DESCRIPTION OF THE TASK - Only the lines from the one containing "Spring Autumn Women" through the end of the entries are wanted, retyped exactly and without pictures.
====
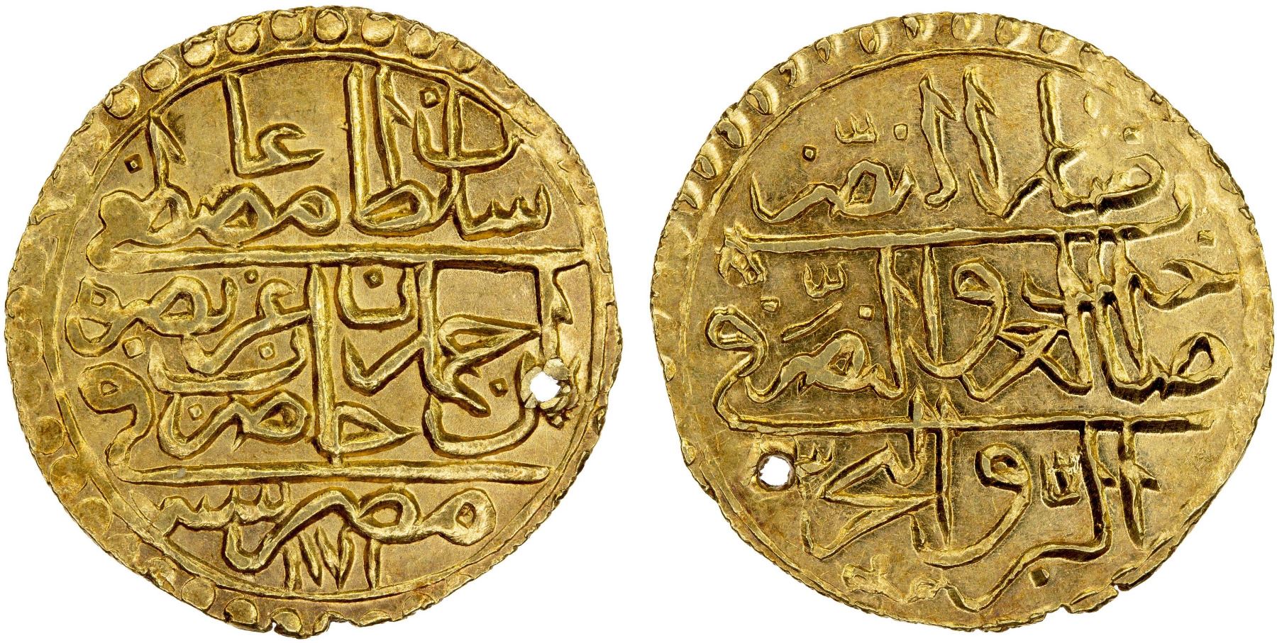 OTTOMAN EGYPT: Ali Bey, rebel 1769-1773, AV zeri mahbub (2.63g), Misr, AH1171 year AH[11]83, KM-119. NP-626, initial letter ayn for Ali, still in the name of Mustafa III, small piercing which is unfortunate because otherwise it would be highly lustrous UNC, still very attractive, lustrous AU, ex Ken Bovenkamp.
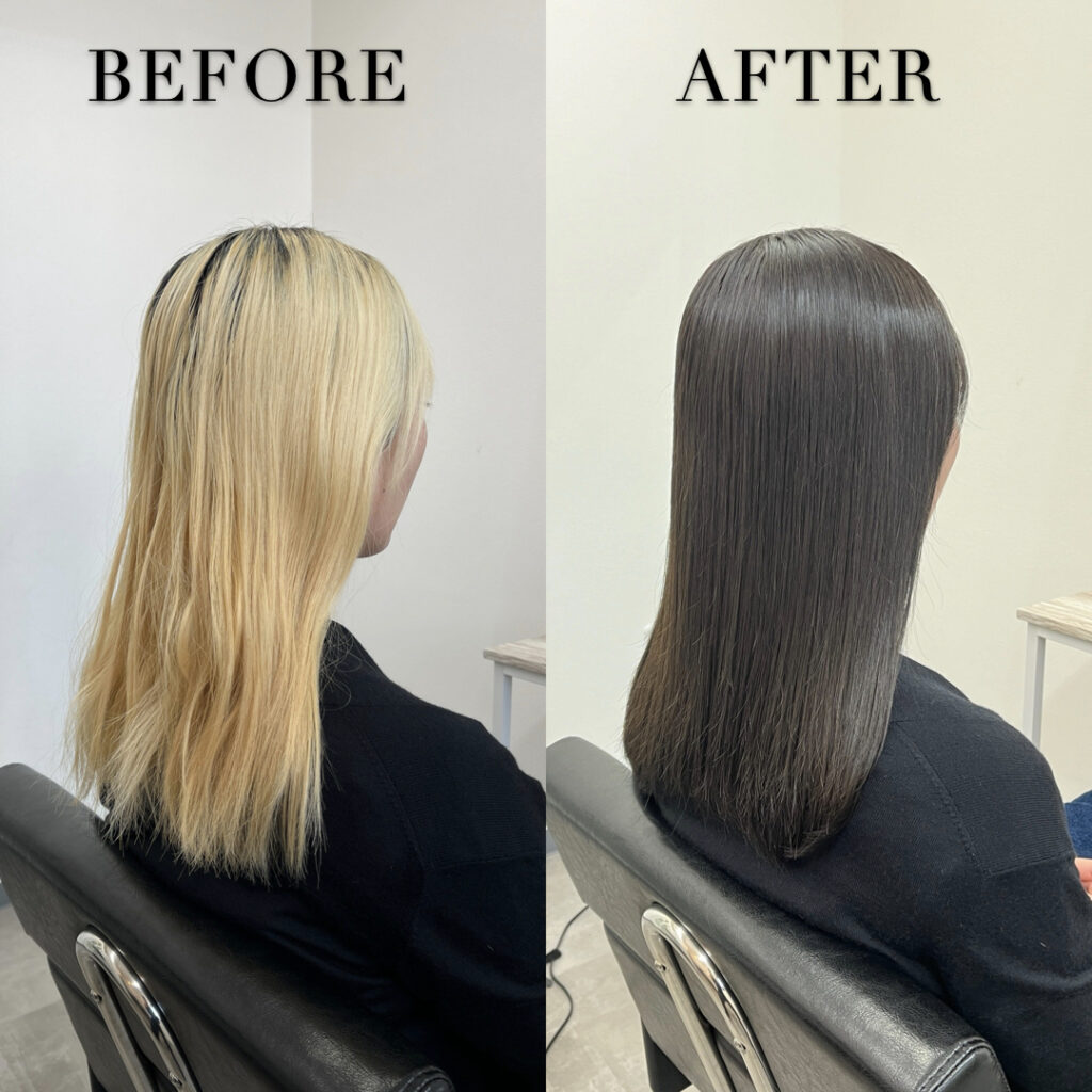 黒髪やブラウン系のカラーをキープしたいときは、当サロンが開発したオリジナルのカラートリートメント、ブリーチリペアトリートメント®︎がおすすめです!
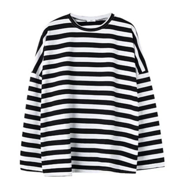 Spring Autumn Women Harajuku Striped T Shirt Long Sleeve O-Neck T-Shirts Korean Casual Oversized T Shirt Femme Black Tops
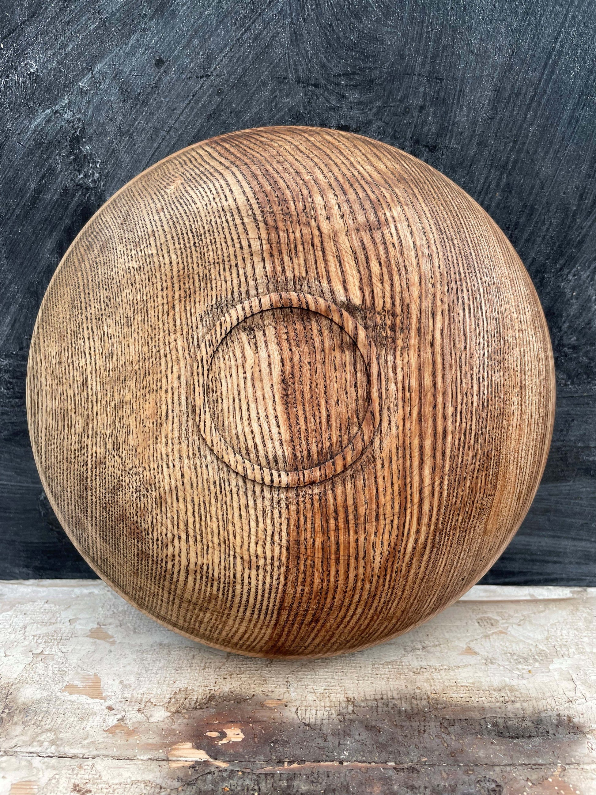 Turned into this low, wide bowl and given a friction burned rim.
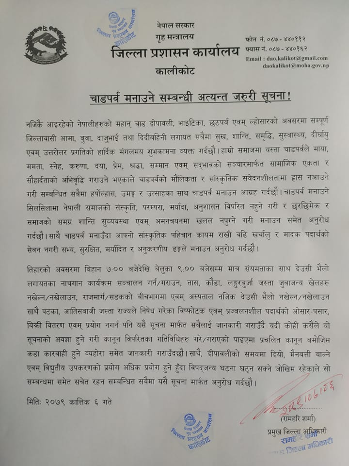 २२ कात्तिकमा कालिकोट आउँदै प्रचण्ड कर्णालीको किनारमा तीन जिल्लाका सुरक्षा निकायका प्रमुखहरुको बैठक अवरुद्ध कर्णाली करिडोरको पहिरो पन्छाउन सुरु कालीकोटमा बेलुका ९ बजेसम्म मात्रै देउसी–भैलो खेल्न पाइन उमेर पुगेर विवाह गर्ने दलित समुदायका महिलालाई १० हजार नगद दिने बढ्यो खानेपानीको समस्या,अझै एक महिना लाग्ने अखिल नेपाल राष्ट्रिय स्वतन्त्र बिद्यार्थी यूनियन द्धारा शुभकामना आदान प्रदान कार्यक्रम सम्पन्न कारागारका कैदिबन्दिलाई कर्णाली जेसिसद्वारा खेलकुद साम्रगी सहयोग असोज ५ गतेदेखि सुरु भएको भलिवल प्रतियोगिमा नहरहरीनाथ प्रथम र दृर्तिय विद्यार्थीको सारथि बन्दै सानिमा बैंक Posts navigation Previous 1 … 54 55 56 57 Next
====
ANSWER BOX -
 Spring Autumn Women Harajuku Striped T Shirt Long Sleeve O-Neck T-Shirts Korean Casual Oversized T Shirt Femme Black Tops
 Turned into this low, wide bowl and given a friction burned rim.
 २२ कात्तिकमा कालिकोट आउँदै प्रचण्ड कर्णालीको किनारमा तीन जिल्लाका सुरक्षा निकायका प्रमुखहरुको बैठक अवरुद्ध कर्णाली करिडोरको पहिरो पन्छाउन सुरु कालीकोटमा बेलुका ९ बजेसम्म मात्रै देउसी–भैलो खेल्न पाइन उमेर पुगेर विवाह गर्ने दलित समुदायका महिलालाई १० हजार नगद दिने बढ्यो खानेपानीको समस्या,अझै एक महिना लाग्ने अखिल नेपाल राष्ट्रिय स्वतन्त्र बिद्यार्थी यूनियन द्धारा शुभकामना आदान प्रदान कार्यक्रम सम्पन्न कारागारका कैदिबन्दिलाई कर्णाली जेसिसद्वारा खेलकुद साम्रगी सहयोग असोज ५ गतेदेखि सुरु भएको भलिवल प्रतियोगिमा नहरहरीनाथ प्रथम र दृर्तिय विद्यार्थीको सारथि बन्दै सानिमा बैंक Posts navigation Previous 1 … 54 55 56 57 Next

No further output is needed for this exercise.